**Exercise details**
With pictures left out, output exactly the lines of the listing below from the line that has "蘇州河的兩岸曾是地獄和天堂。" to the line that has "Diamant de laboratoire", both lines kept.

**Extracted information**
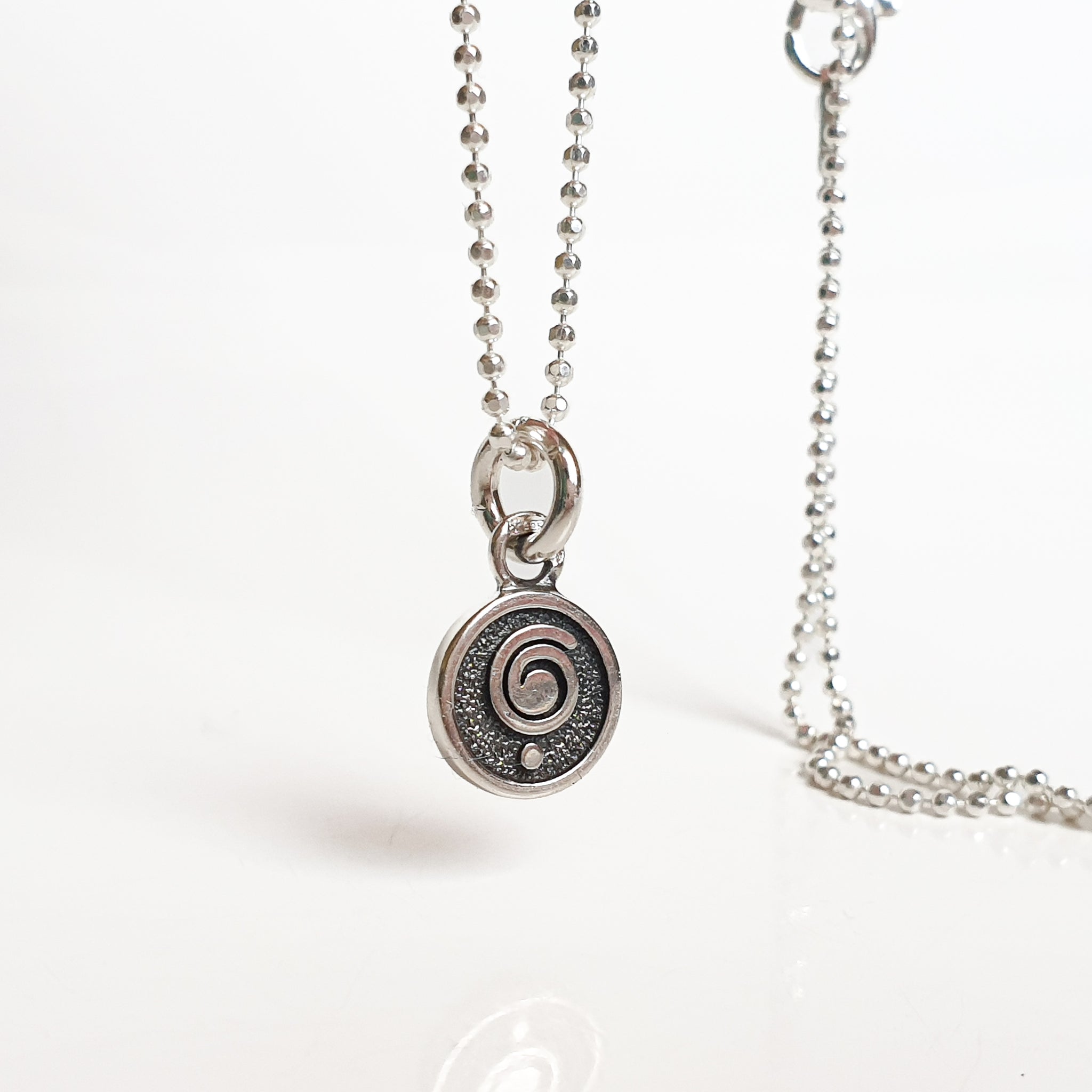 A silver 925 medallion necklace with a spiral design, attached to a silver chain laid out on a white surface.
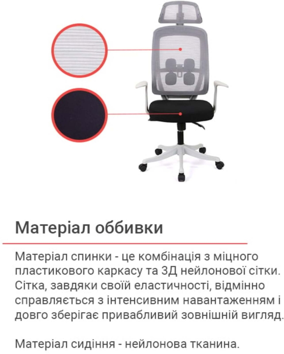 Дизайн. Відмінною рисою цієї моделі є дуже популярна сьогодні сітчаста оббивка та помітна зовнішність. Крісло виглядає так, немов зійшло з екрану фантастичного фільму про високотехнологічне майбутнє. Чіткі лінії силуету, мінімум декору і легкість - нічого зайвого, тільки максимум свободи та комфорту. Оригінальна спинка трапецієподібної форми має правильну ергономіку: невеликий поперековий вигин і легка бічна підтримка забезпечать комфортну опору спині. Додаткова підтримка хребта в області попереку регулюється завдяки спеціальному механізму, який кріпиться зовні, за сітчастої оббивкою.
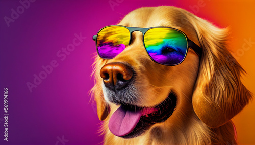 Golden retriever dog wearing sunglasses, happy cute dog wearing sunglasses, colorful background, Generative AI
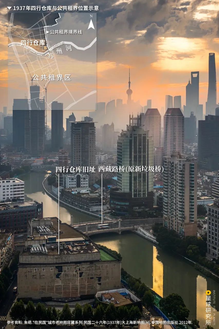 蘇州河的兩岸曾是地獄和天堂。其****北岸的四行倉庫因坐落在公共租界外,而成為了抗戰時期上海最慘烈的戰場之一|圖片來源@視覺中國,製圖@高儷倩/星球研究所
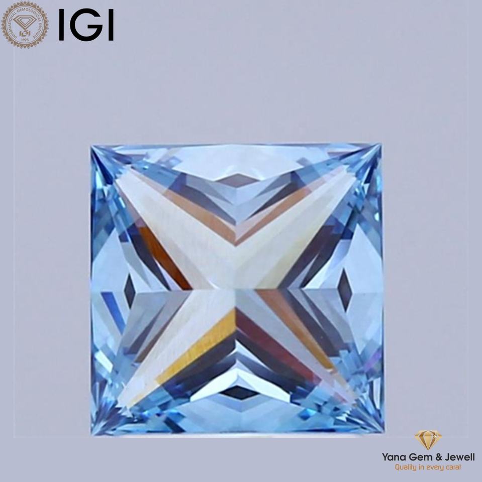 Diamant de laboratoire cultivé CVD de 2,00 carats, couleur bleu vif fantaisie, clarté VS1, taille princesse, avec certificat IGI pour création personnalisée
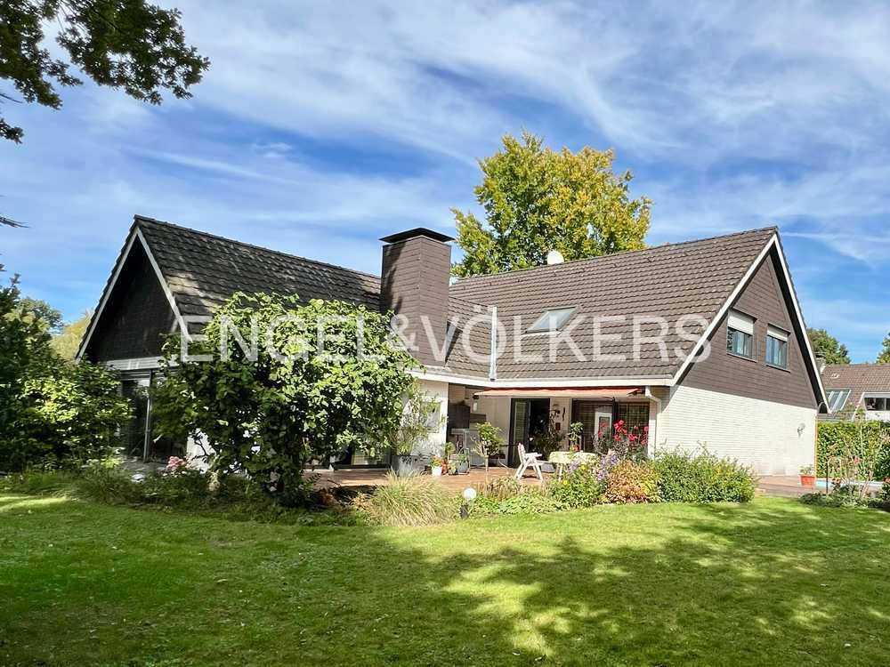 Dieses freistehende, in den Jahren 1974–1976 errichtete Ein- bis Zweifamilienhaus verbindet Großzügigkeit und Gemütlichkeit mit einer liebevoll angelegten Gartenwelt auf ca. 211 m² Wohnfläche. Betreten Sie das Haus, so eröffnet sich auf der rechten Seite ein weitläufiges Wohnzimmer mit Kamin und bodentiefen Fensterfronten. Es ist der ideale Ort, um gemütliche Abende am Kamin zu verbringen oder den Blick in den wunderschönen Garten schweifen zu lassen. Angrenzend an das Entrée liegt das Esszimmer. Ob Frühstück mit Blick in den Garten oder ein Abendessen mit der Familie – hier lassen sich Alltag und besondere Momente gleichermaßen genießen. Die angrenzende Poggenpohl-Küche ermöglicht kurze Wege. Das Erdgeschoss wird durch ein Schlafzimmer, ein Arbeitszimmer sowie ein Bad ergänzt. Mit blühenden Hortensien und einem gewachsenen Baumbestand präsentiert sich der Garten als echtes Refugium. Von einer Schaukel am Baum reicht der Blick auf das freistehende Haus bis zum Pool, wo Sie mit einer Tasse Kaffee entspannt in den Tag starten können. Die Terrasse in bevorzugter Ausrichtung ist mit einem Außenkamin ausgestattet und bietet den idealen Ort für besondere Momente – ob kurzweilige Grillabende oder ein entspannender Pool-Tag mit Freunden. Das weitläufige Grundstück hält zudem zahlreiche Rückzugsmöglichkeiten bereit – sei es für eine ruhige Auszeit mit einem guten Buch oder ein erholsames Sonnenbad. Im Obergeschoss befindet sich eine separate Wohneinheit mit drei Zimmern, Küche, Diele und Bad, die derzeit vermietet ist. Dies eröffnet die Möglichkeit, laufende Einnahmen zur Finanzierung zu nutzen oder generationsübergreifendes Wohnen zu realisieren. Zwei Garagen mit elektrischen Toren und großzügiger Zufahrt runden das Angebot ab. Herzlich willkommen in einer Immobilie, die hohen Ansprüchen an Privatsphäre ebenso gerecht wird wie der Flexibilität, individuelle Wohnträume zu verwirklichen.
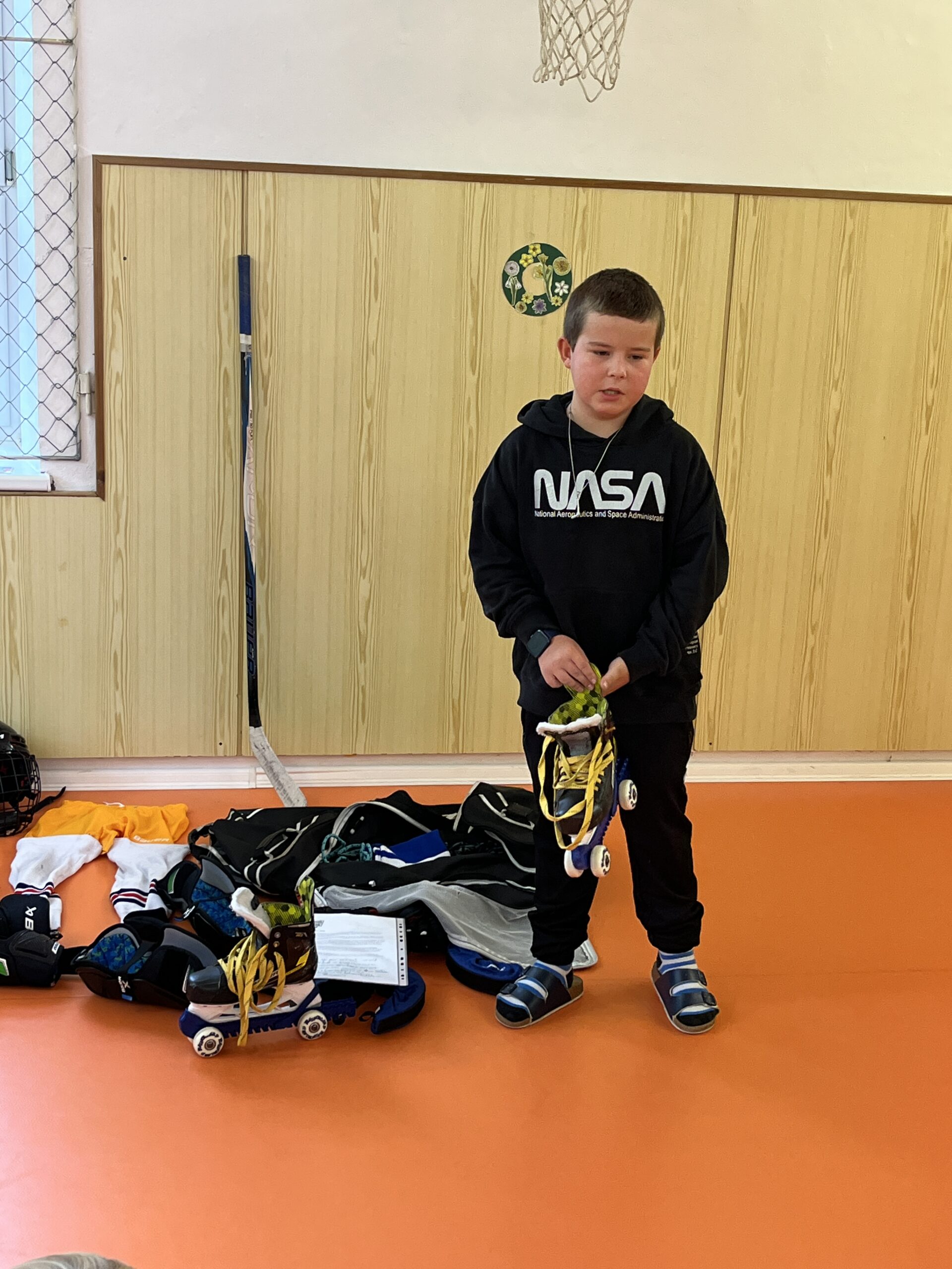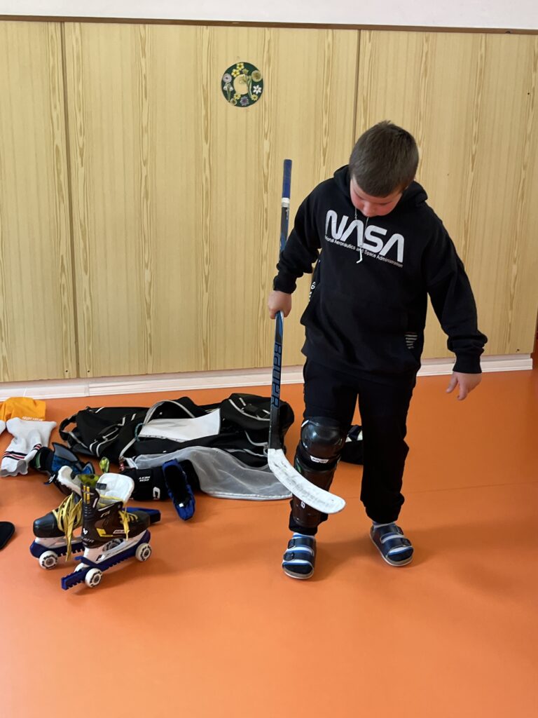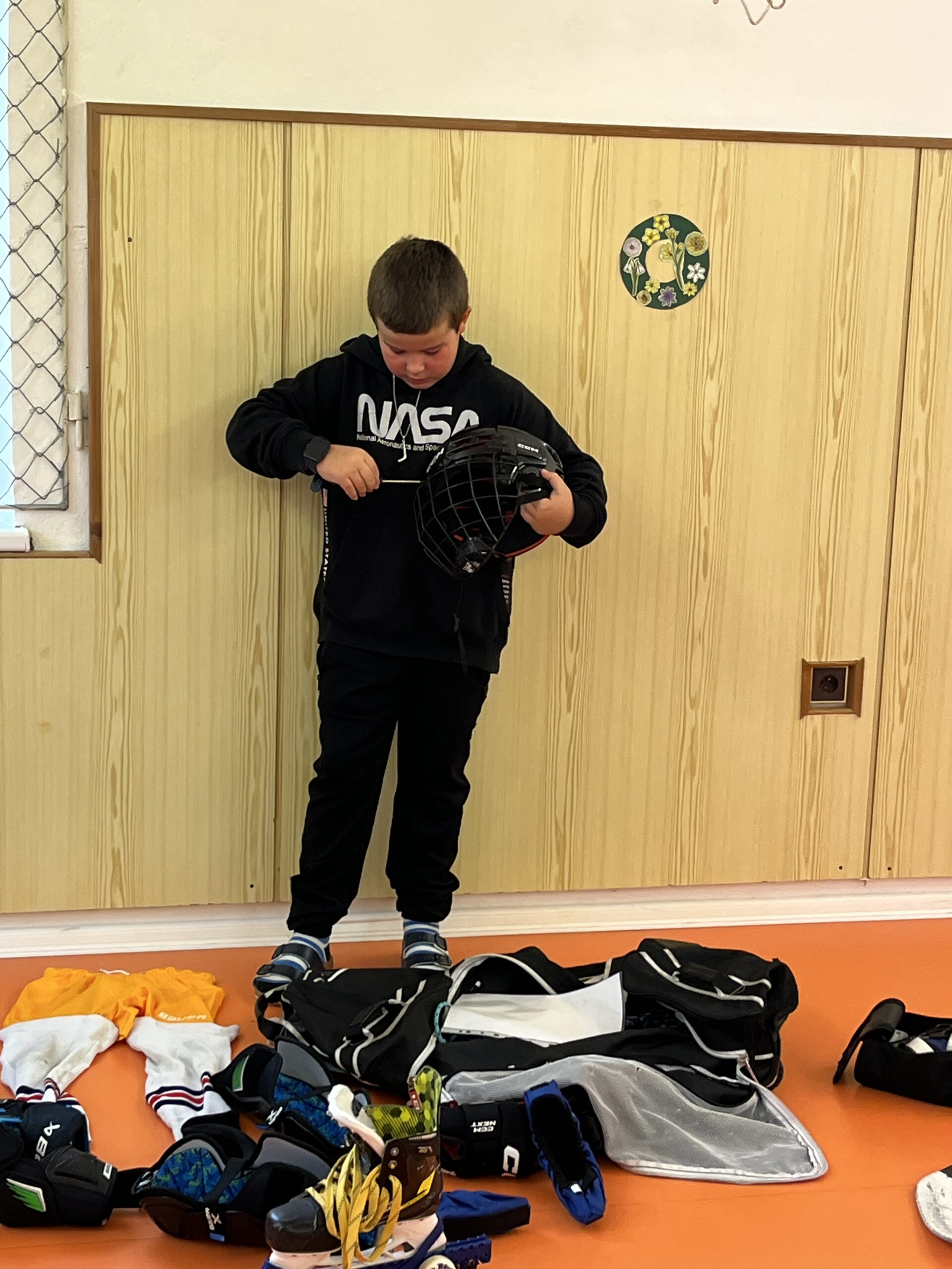 Trénuje několikrát týdně a upozornil nás, že hokejisté se musí neustále zlepšovat v bruslení, přihrávkách a střelbě. Nejdůležitější ze všeho je ale umět spolupracovat s ostatními hráči, protože bez týmu to na ledě nejde.

**Result**
 蘇州河的兩岸曾是地獄和天堂。其****北岸的四行倉庫因坐落在公共租界外,而成為了抗戰時期上海最慘烈的戰場之一|圖片來源@視覺中國,製圖@高儷倩/星球研究所
 Diamant de laboratoire cultivé CVD de 2,00 carats, couleur bleu vif fantaisie, clarté VS1, taille princesse, avec certificat IGI pour création personnalisée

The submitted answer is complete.